Abstract

The pathology of de Quervain's disease affects the tenosynovium and rarely the tendons. The ultrasonographic features of de Quervain's disease unresponsive to conservative treatment are unknown. The purpose of this study was to describe and compare the morphological differences between patients with de Quervain's disease that is refractory to conservative treatment and patients who respond to conservative treatment. de Quervain's disease unresponsive to conservative treatment was evaluated in 51 patients. The bilateral wrists underwent preoperative ultrasonographic assessments. The asymptomatic side was presumed to be the patient's anatomical baseline and was used for comparison. We measured the diameter and cross-sectional area of the tendons of the abductor pollicis longus (APL) and extensor pollicis brevis (EPB), and the thickness of the tendon sheath and the intercompartmental septum, if present.
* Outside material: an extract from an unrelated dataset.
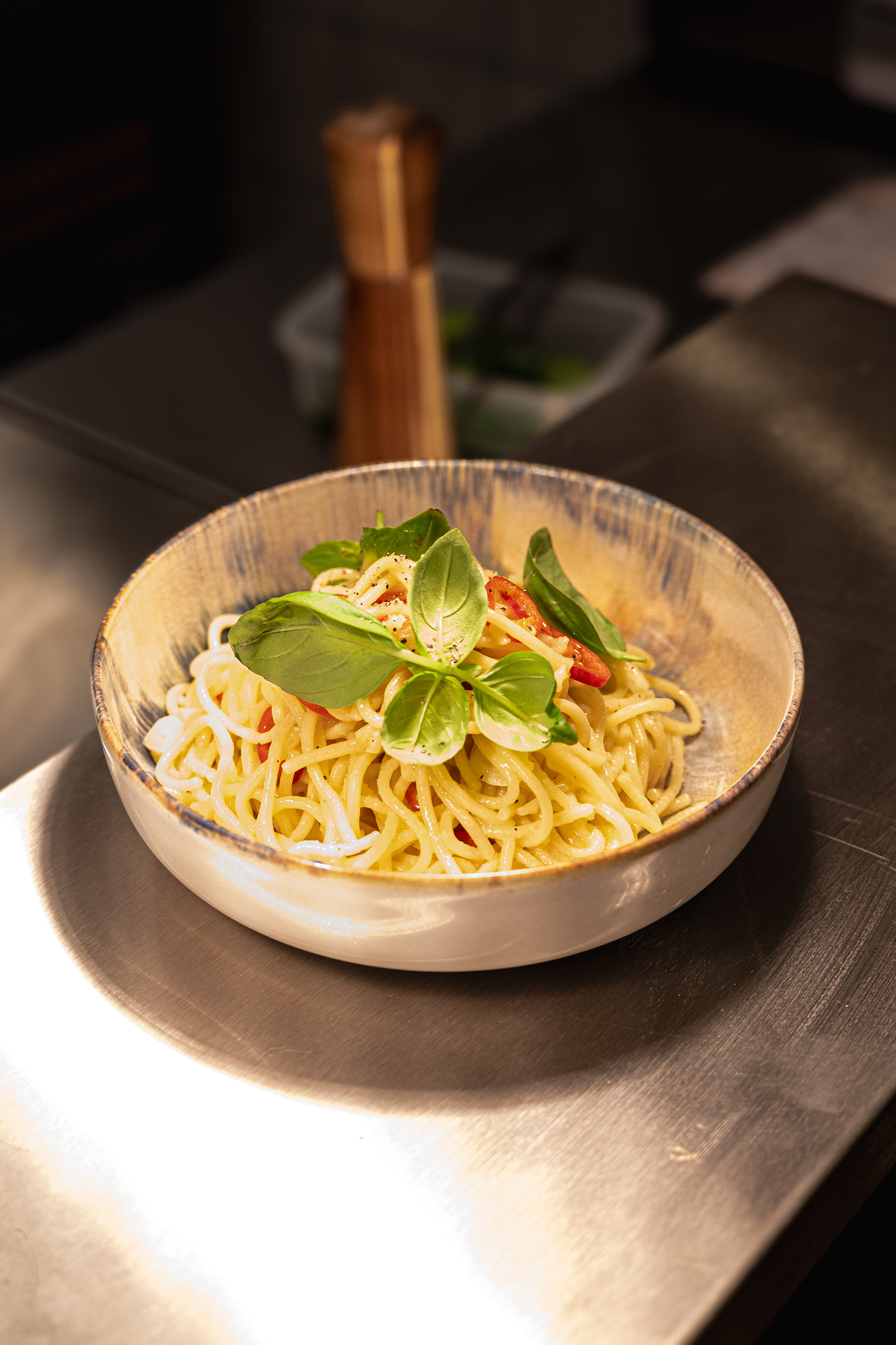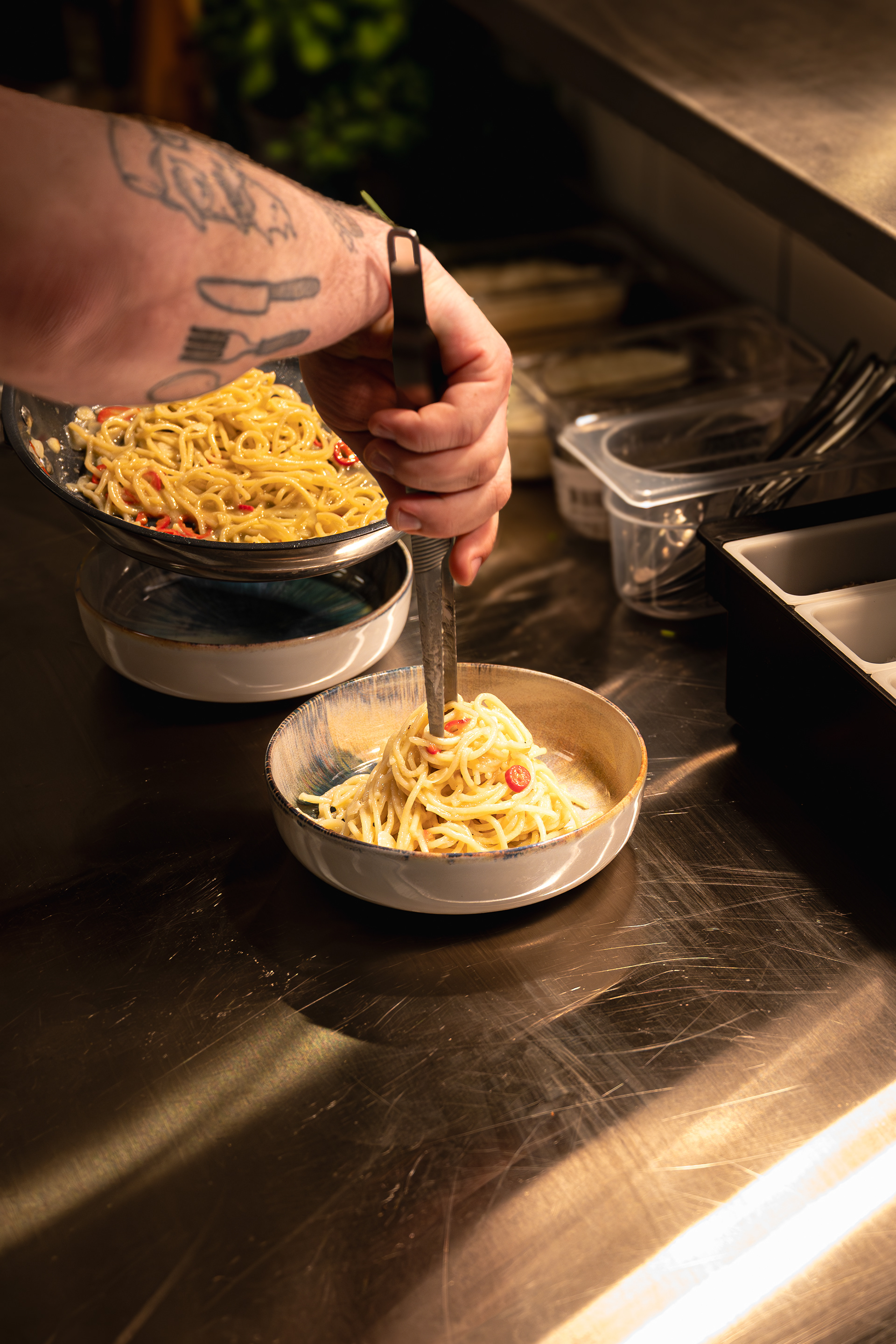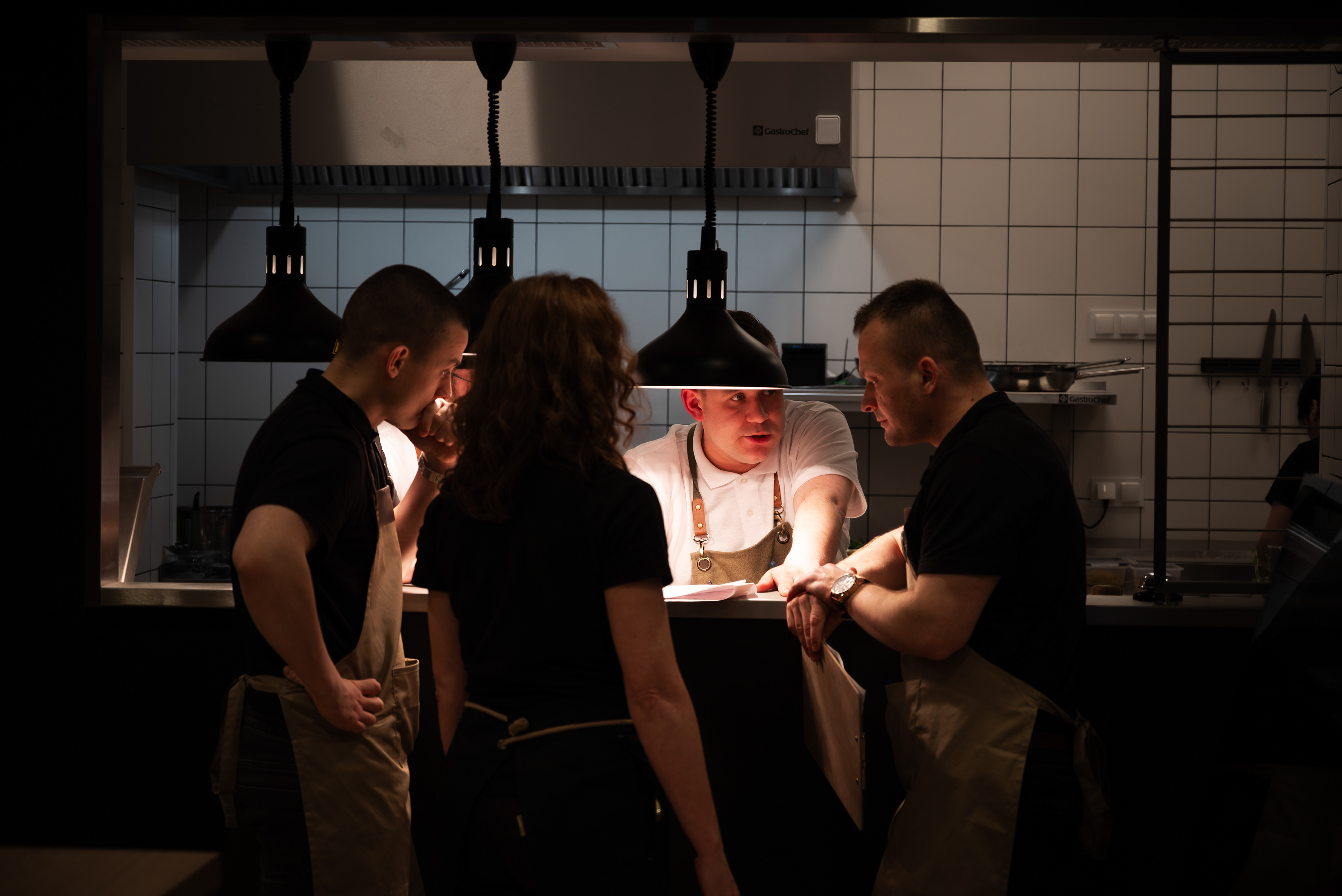 Jest ruch, zmienne światło, tempo pracy kuchni, ludzie wokół.

The affected side and asymptomatic side were compared. The APL and EPB cross-sectional area was significantly larger on the affected side than on the asymptomatic side (APL: 13 mm2 versus 8.3 mm2 ; P < .0001; EPB: 5.4 mm2 versus 3.9 mm2 ; P=.031). The tendon sheath was significantly thicker on the affected side (1.5 mm) than on the asymptomatic side (0.95 mm) (P < .0001). The intercompartmental septum was significantly thicker on the affected side (1.1 mm) than on the asymptomatic side (0.72 mm) (P=.0004). Operative findings revealed 41 (80%) patients had an intercompartmental septum. The ultrasonographic features of de Quervain's disease requiring surgical treatment were a significantly thickened tendon sheath, an intercompartmental septum, and increased cross-sectional area of the APL and EPB.